# TASK DIRECTIONS:
Please set down only the lines below starting with the line with "After WW I, inhabitants" and going on through the line with "MIXED MEDIA: KIDS IMPROV", verbatim and without pictures.

=== DATA RECORDS ===

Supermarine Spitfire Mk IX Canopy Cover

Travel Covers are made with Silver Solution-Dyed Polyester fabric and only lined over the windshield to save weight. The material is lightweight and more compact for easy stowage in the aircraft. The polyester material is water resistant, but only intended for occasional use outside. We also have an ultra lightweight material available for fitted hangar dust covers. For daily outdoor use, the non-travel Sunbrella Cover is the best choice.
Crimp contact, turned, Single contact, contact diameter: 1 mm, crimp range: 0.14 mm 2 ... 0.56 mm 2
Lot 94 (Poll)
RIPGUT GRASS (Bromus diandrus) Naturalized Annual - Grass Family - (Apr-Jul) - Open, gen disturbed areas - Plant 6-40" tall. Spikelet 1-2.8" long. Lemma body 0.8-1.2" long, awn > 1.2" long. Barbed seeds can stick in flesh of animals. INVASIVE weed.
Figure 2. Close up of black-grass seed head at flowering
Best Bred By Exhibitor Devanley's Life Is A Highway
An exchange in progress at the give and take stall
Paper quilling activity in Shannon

===
=== DATA RECORDS ===

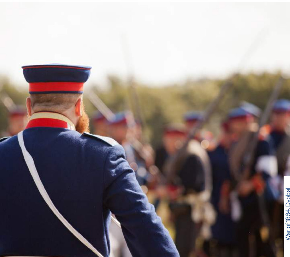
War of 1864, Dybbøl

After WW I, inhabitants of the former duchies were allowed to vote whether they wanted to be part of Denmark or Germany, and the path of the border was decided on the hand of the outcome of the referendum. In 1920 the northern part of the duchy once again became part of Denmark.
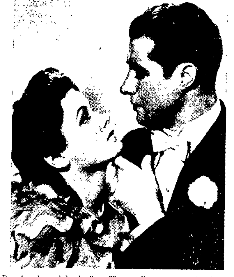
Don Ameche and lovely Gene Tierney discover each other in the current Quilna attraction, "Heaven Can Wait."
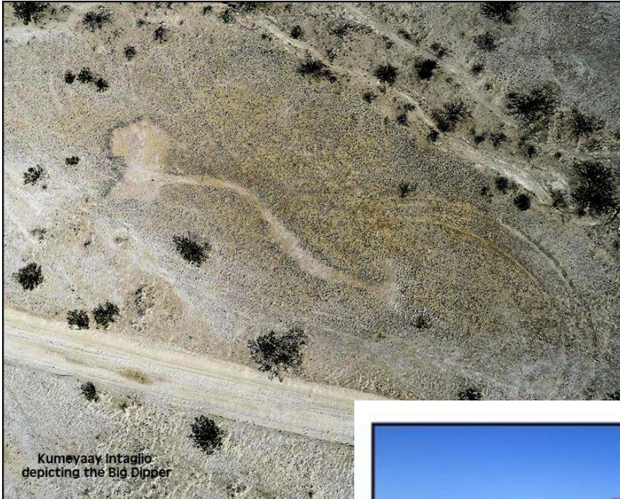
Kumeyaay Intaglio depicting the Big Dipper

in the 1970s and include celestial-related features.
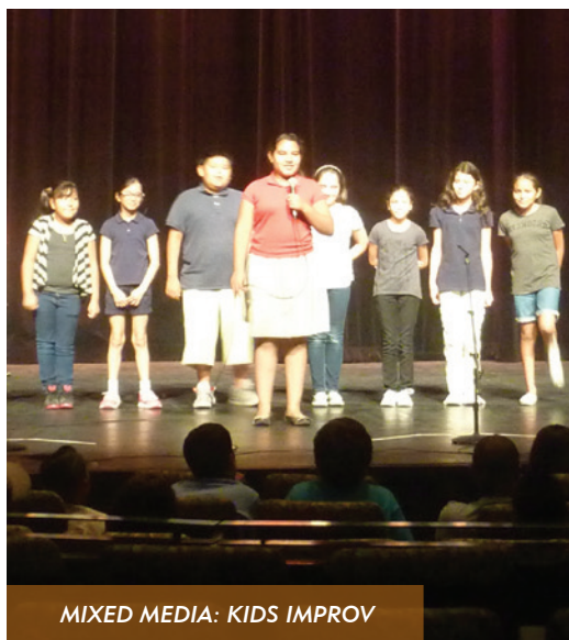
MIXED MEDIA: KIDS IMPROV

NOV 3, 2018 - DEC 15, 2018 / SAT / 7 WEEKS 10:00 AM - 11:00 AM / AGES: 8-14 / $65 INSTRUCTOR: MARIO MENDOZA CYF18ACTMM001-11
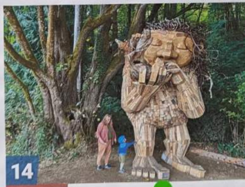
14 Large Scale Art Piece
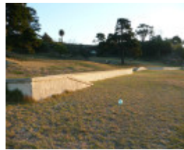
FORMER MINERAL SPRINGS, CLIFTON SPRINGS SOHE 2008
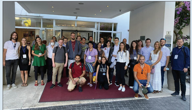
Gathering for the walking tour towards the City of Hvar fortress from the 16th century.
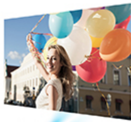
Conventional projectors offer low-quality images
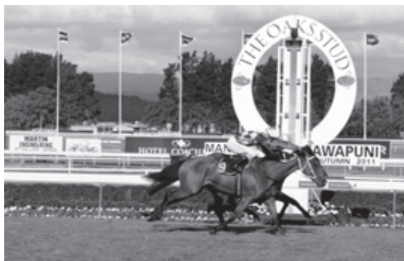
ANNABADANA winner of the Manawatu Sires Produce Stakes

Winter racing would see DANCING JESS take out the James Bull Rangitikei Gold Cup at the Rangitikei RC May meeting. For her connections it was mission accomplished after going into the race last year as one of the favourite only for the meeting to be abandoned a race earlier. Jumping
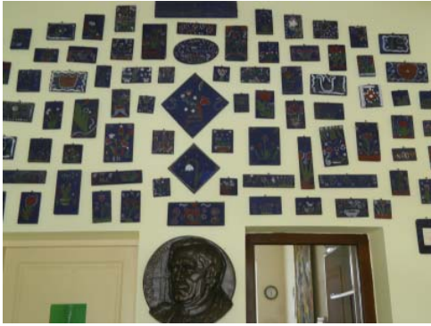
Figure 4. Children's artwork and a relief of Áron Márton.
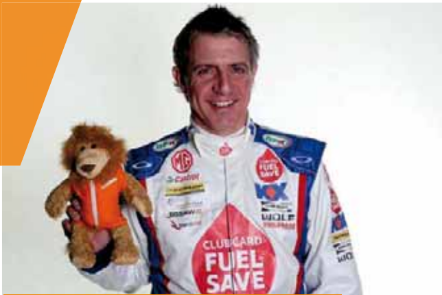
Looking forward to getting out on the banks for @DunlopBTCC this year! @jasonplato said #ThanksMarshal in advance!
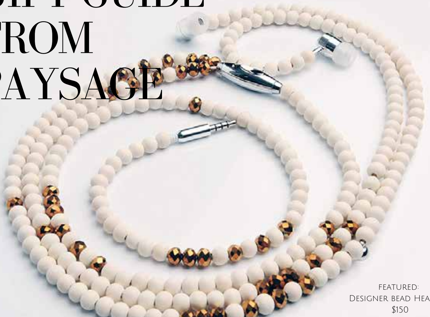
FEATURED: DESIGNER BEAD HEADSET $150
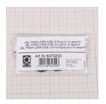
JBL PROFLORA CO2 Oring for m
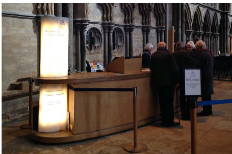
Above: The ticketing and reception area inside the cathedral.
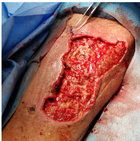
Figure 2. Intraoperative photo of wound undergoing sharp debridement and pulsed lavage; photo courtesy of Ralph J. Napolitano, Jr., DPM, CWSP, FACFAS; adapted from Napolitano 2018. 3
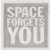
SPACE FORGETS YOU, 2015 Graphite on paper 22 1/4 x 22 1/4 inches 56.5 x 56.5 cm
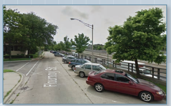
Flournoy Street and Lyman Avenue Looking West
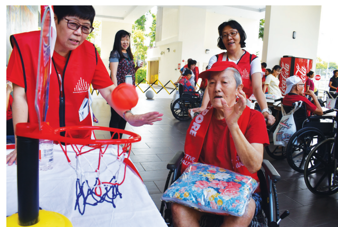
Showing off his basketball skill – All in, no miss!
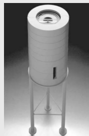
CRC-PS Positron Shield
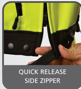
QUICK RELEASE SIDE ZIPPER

===
=== DATA RECORDS ===

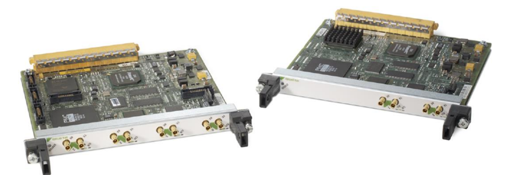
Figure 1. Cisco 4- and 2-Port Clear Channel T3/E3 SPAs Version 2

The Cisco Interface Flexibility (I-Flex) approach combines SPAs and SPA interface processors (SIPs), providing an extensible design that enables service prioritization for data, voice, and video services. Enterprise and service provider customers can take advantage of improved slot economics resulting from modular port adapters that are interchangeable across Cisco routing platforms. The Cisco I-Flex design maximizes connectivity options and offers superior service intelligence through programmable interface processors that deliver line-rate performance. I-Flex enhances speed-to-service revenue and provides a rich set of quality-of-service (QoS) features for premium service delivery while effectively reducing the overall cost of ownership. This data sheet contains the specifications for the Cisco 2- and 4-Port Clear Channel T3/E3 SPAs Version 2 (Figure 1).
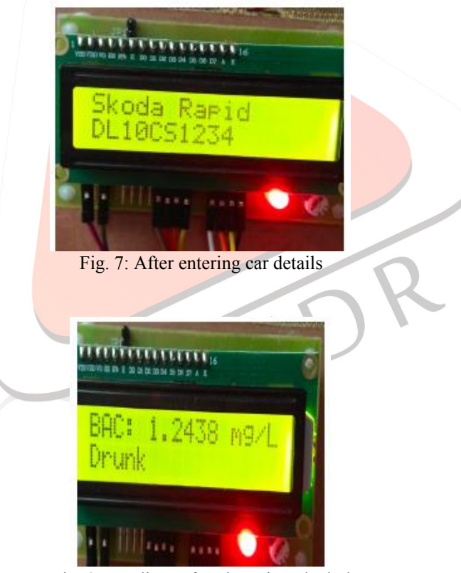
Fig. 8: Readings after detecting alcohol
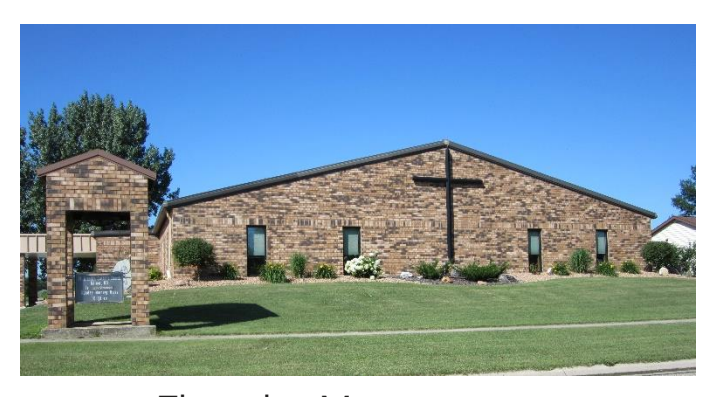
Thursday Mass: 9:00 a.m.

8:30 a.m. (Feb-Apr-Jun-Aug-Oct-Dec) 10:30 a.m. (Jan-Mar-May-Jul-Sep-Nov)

===

# RESULT FOR THIS TASK:
After WW I, inhabitants of the former duchies were allowed to vote whether they wanted to be part of Denmark or Germany, and the path of the border was decided on the hand of the outcome of the referendum. In 1920 the northern part of the duchy once again became part of Denmark.
Don Ameche and lovely Gene Tierney discover each other in the current Quilna attraction, "Heaven Can Wait."
Kumeyaay Intaglio depicting the Big Dipper

in the 1970s and include celestial-related features.
MIXED MEDIA: KIDS IMPROV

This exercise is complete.